Fluid Mosaic Model of Plasma Membrane

• Phospholipid bilayer with embedded proteins.
  • Fluid: phospholipid bilayer.
  • Mosaic: embedded protein.
• Hydrophilic: Water-loving portion of the plasma membrane.
• Hydrophobic: Water-fearing portion of the plasma membrane.
• Semi-permeable membrane/selectivity.
• Plasma membrane = cytomembrane = cytolemma.

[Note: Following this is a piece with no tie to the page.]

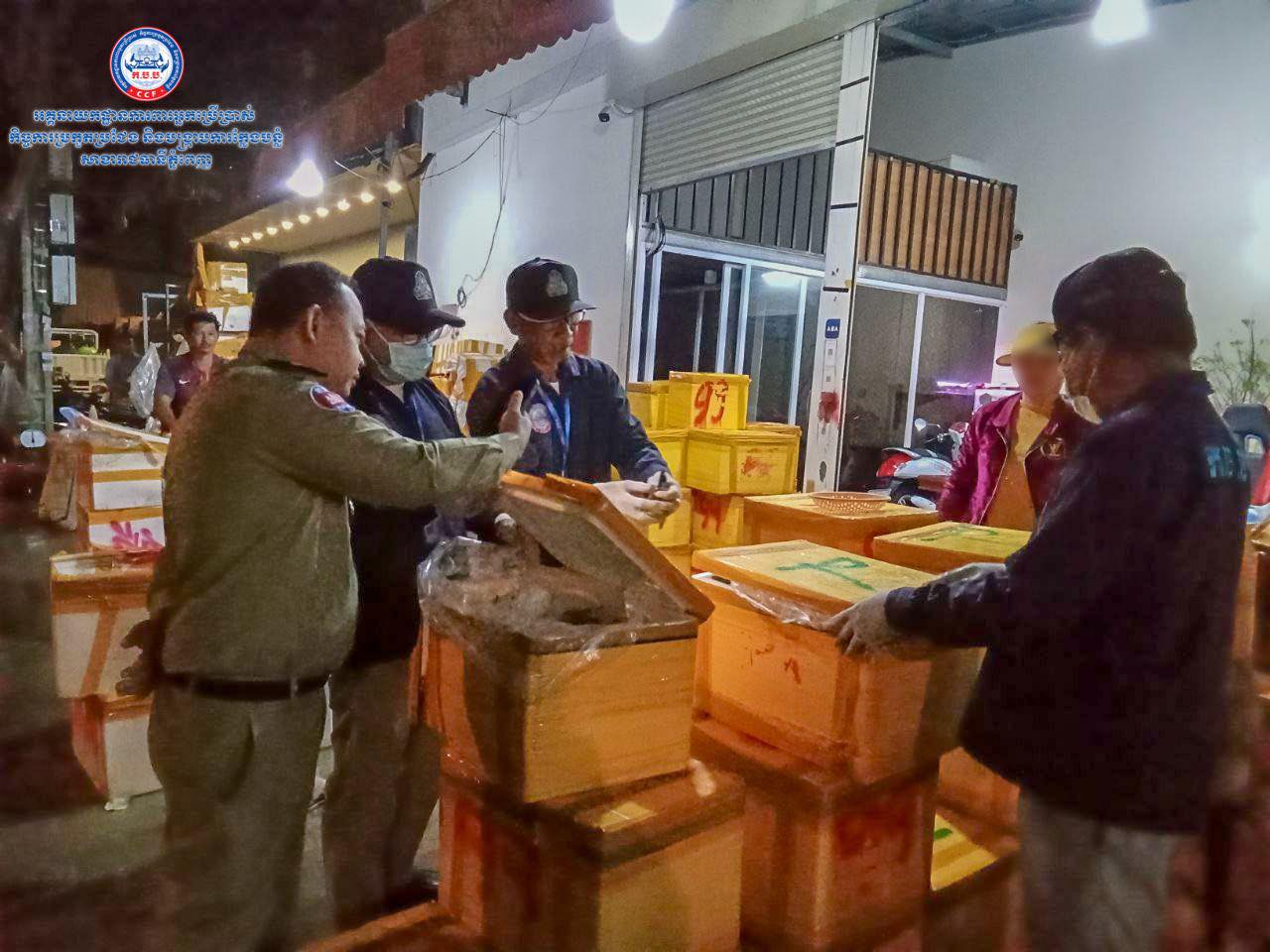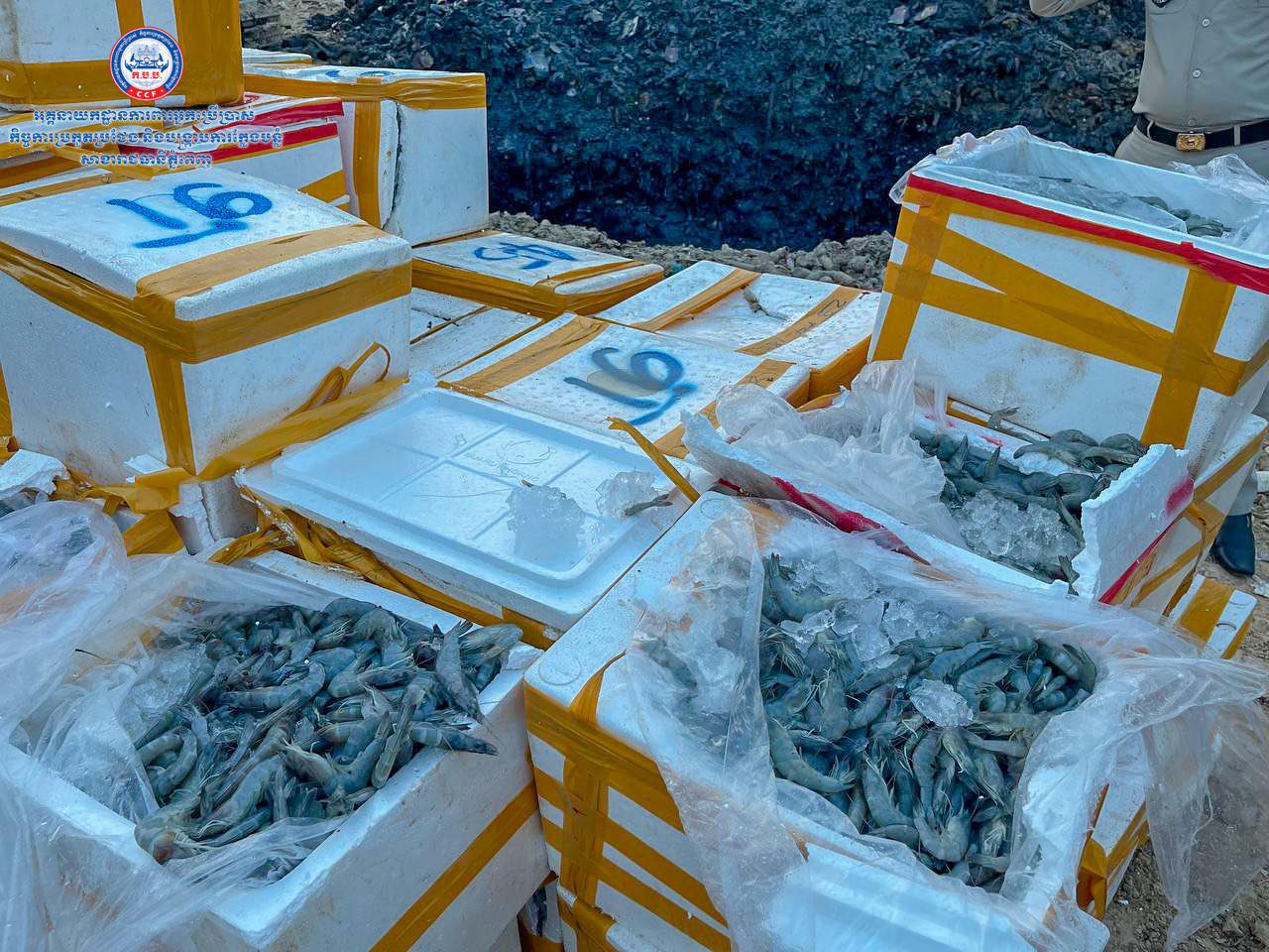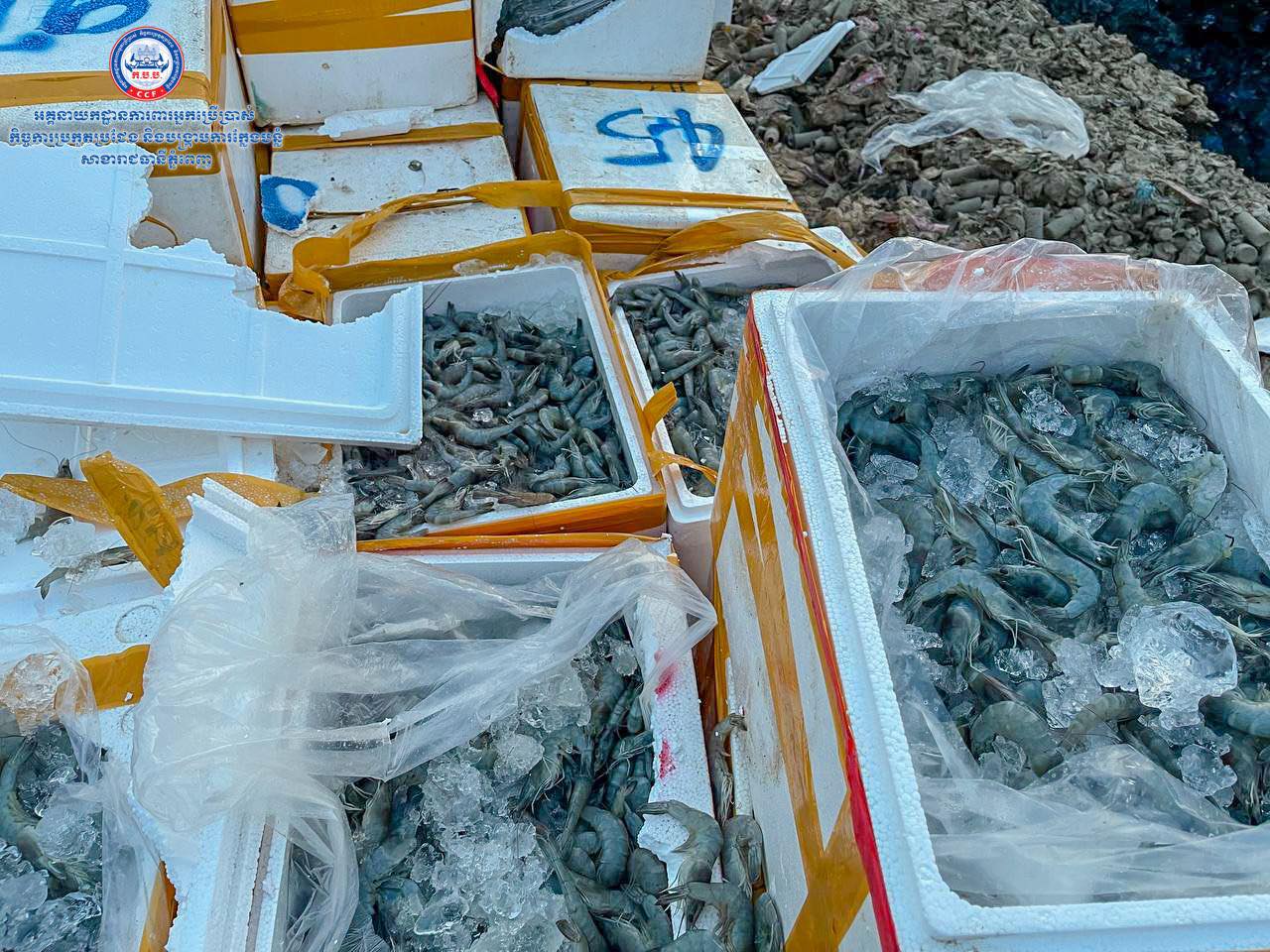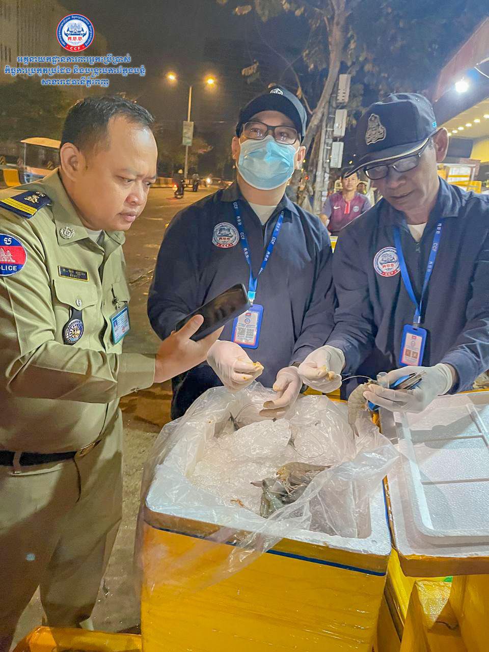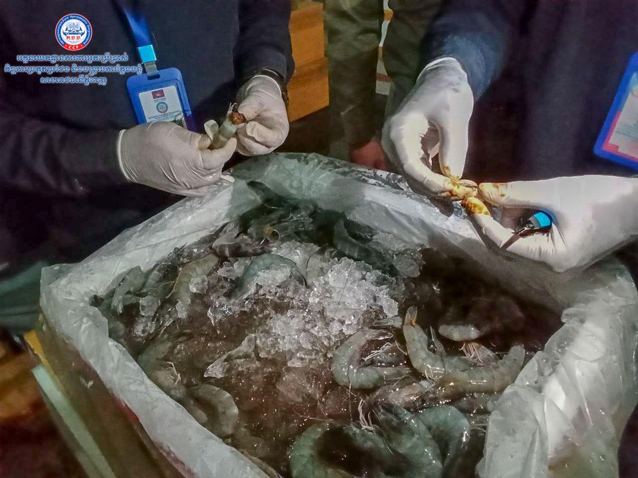 មន្ត្រីជំនាញ«ក.ប.ប.» រកឃើញបង្គាមានចាក់ចាហួយប្រមាណជាង ៤តោន នៅទីតាំងលក់គ្រឿងសមុទ្រ តំបន់ត្រឡោកបែក

Types of Embedded Proteins

• Channel: Facilitates transport.
• Cell recognition: Histocompatibility.
• Carrier: Facilitates transport.
• Receptor: Combines with molecules based on shape and size.
• Enzymes: ATP synthetase.
• Signal transduction.
• Sodium-potassium pump: Involved with active transport.

Solutions

• Solvent: Liquid that dissolves a solute (e.g., salt).
• Solute: Substance dissolved by the solvent (e.g., salt, sugar).
• Solution: Homogeneous mixture of solvent and solute.

Tonicity

• Isotonic Solution:
  • Rate of movement across the membrane (solvent or solute) is in equilibrium.
  • No overt change in cell volume.
• Hypotonic Solution:
  • Less solute outside the cell.
  • Cell swells (takes up water).
  • Volume changes, and cell may lyse.
• Hypertonic Solution:
  • More solute outside the cell.
  • Cell releases water.
  • Volume changes, cell may shrivel, break up, and die.
  • Apoptosis: programmed cell death.
• Dialysis membrane: size constraints determine what passes through.

Transport

• Active process: Requires energy (ATP); e.g., sodium-potassium pump.
• Passive process: Does not require energy.
  • Diffusion: High concentration to low concentration.
  • Facilitated transport across the membrane.
  • Osmosis: Diffusion of water.

Molecular transport

• Exocytosis: Large molecules secreted into the external environment via secretory vesicles.
• Endocytosis: Small ions, small molecular weight compounds along with liquid surrounded by membrane form a vesicle inside the cell.
  • Pinocytosis: Cell drinking.
  • Phagocytosis: Cell eating.

Diffusion and Osmosis

• Diffusion: Movement across a membrane from high to low concentrations (down a concentration gradient).
• Osmosis: Movement of water across a membrane from high water concentration to low water concentration.

Cell Junctions

• Gap junctions: Allow flow of ions.
• Anchor/Intermediate junctions: Involved in tissue formation.
• Tight junctions: Prevent leakage.
• Plasmodesmata: Channels in plant cells.

Metabolism

• Catabolism: Break down (digestive processes).
• Anabolism: Synthesis.

Enzymes

• Substrate: Reactant/metabolite that becomes a product: S + E \rightarrow E-S complex \rightarrow P + E
• Enzyme: Protein catalyst.
• Active Site: Where substrate binds to enzyme and is converted to product.
  • Lock and key theory
• Inhibition:
  • Competitive inhibition: Chemical looks like the natural substrate and can bind to the active site.
  • Non-competitive inhibition: Chemical binds at another site (allo) and changes the 3D structure of the enzyme; seen with feedback inhibition (A -> B -> C -> D -> E).
• Coenzyme: Organic molecules.
• Cofactors: Ions and coenzymes.

Thermodynamics

• First law of thermodynamics:
  • Energy cannot be created or destroyed.
  • Total energy of the universe is constant.
  • Law of conservation of energy.
• Second law of thermodynamics:
  • Energy can transform from one form to another (e.g., light to chemical).
  • Transformation isn't 100% efficient.

Redox

• Oxidation: Lose electrons (lose H ion): NADH \rightarrow NAD + 2e + H^+
• Reduction: Gain electrons (gain H ion).

Gibbs Free Energy

• Exergonic: Release of energy (\Delta G < 0, spontaneous).
• Endergonic: Need energy (\Delta G > 0, non-spontaneous).

Enthalpy

• Exothermic: Release heat (\Delta H < 0).
• Endothermic: Require heat (\Delta H > 0).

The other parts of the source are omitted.